12. A switch actuator, comprising:
a base; a plunger mounted for movement on the base; electrical contact means mounted for movement relative to the base for establishing an electrical connection; actuator means mounted for movement on the base and operatively associated with the plunger for effecting movement of the electrical contact means to alter the state of the electrical connection at an operating point, for allowing overtravel movement beyond the operating point, and for return movement through a release point of the electrical contact means; and means operatively associated between the actuator means and the electrical contact means for adjusting the position of the contact means relative to the plunger means.

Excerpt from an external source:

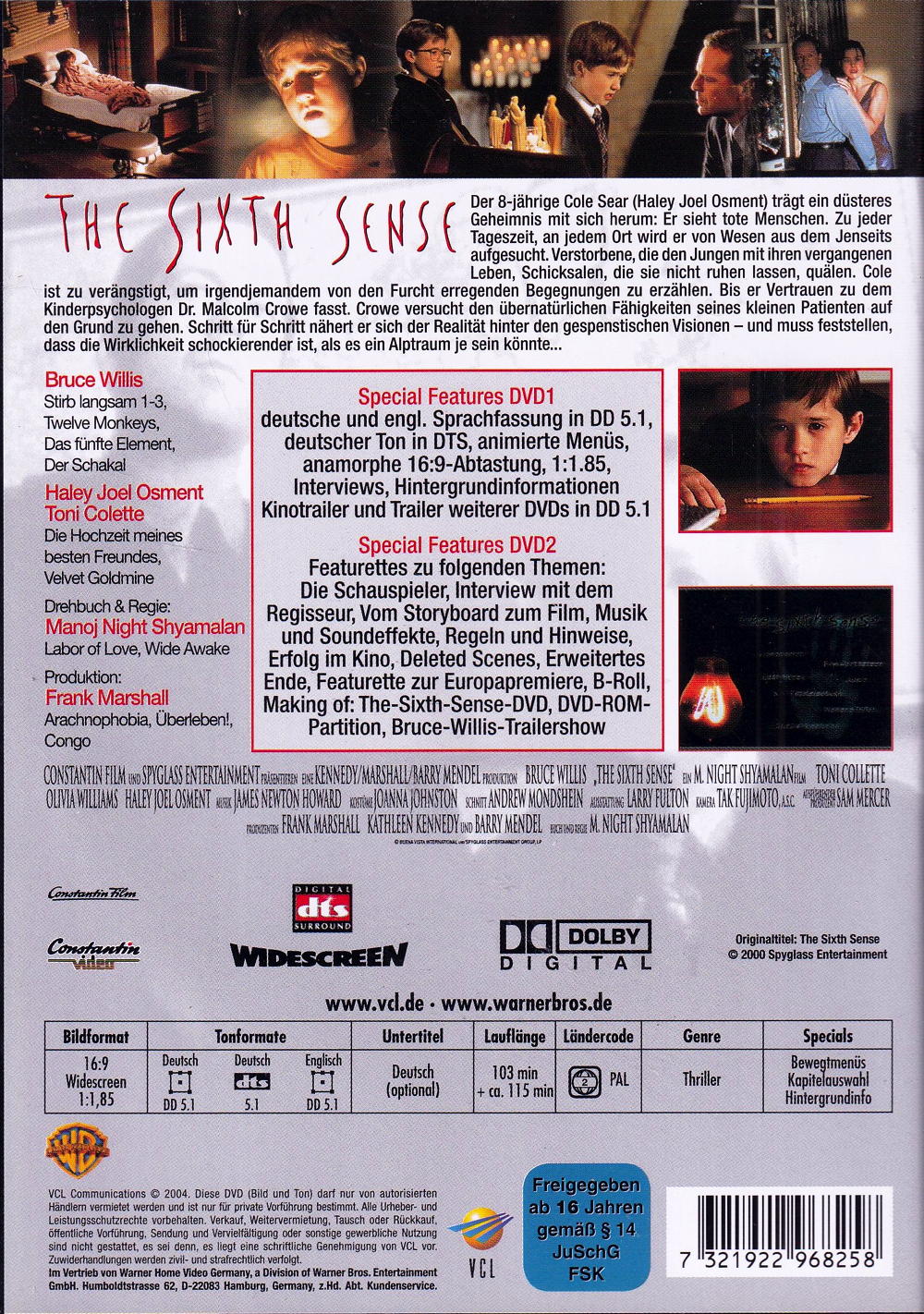 Bruce Willis, Haley Joel Osment, Toni Collette, Olivia Williams, Donnie Wahlberg, Andrew Mondshein, Frank Marshall, Tak Fujimoto, Sam Mercer, M. Night Shyamalan...Joanna Johnston, Larry Fulton, Allan Byer, Philip J. Messina, Kathleen Kennedy, Barry Mendel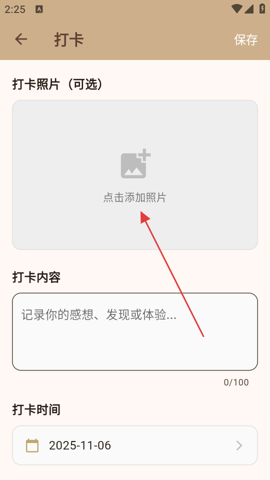 4、在打卡页面中,可点击添加照片、输入打卡内容,完成后点击【保存】按钮即可完成打卡。

4. A switch actuator, comprising:
a base; a plunger mounted for movement on the base in a given direction from an unoperated position; electrical contact means mounted for movement relative to the base for establishing an electrical connection; and actuator means mounted for movement on the base and operatively associated between the plunger and the electrical contact means for effecting movement of the contact means in said given direction to alter the state of the electrical connection, the actuator means including a first member for moving the electrical contact means when the plunger is moved in said given direction, a second, lost motion member for moving the first member opposite said given direction in response to movement of the plunger opposite said given direction, and wedge means operatively associated between said first and second members, the wedge means being separate from the first and second members and being movable with the plunger in said given direction for effecting conjoint movement of the first and second members, the second member and the plunger being capable of overtravelling the first member and the contact means.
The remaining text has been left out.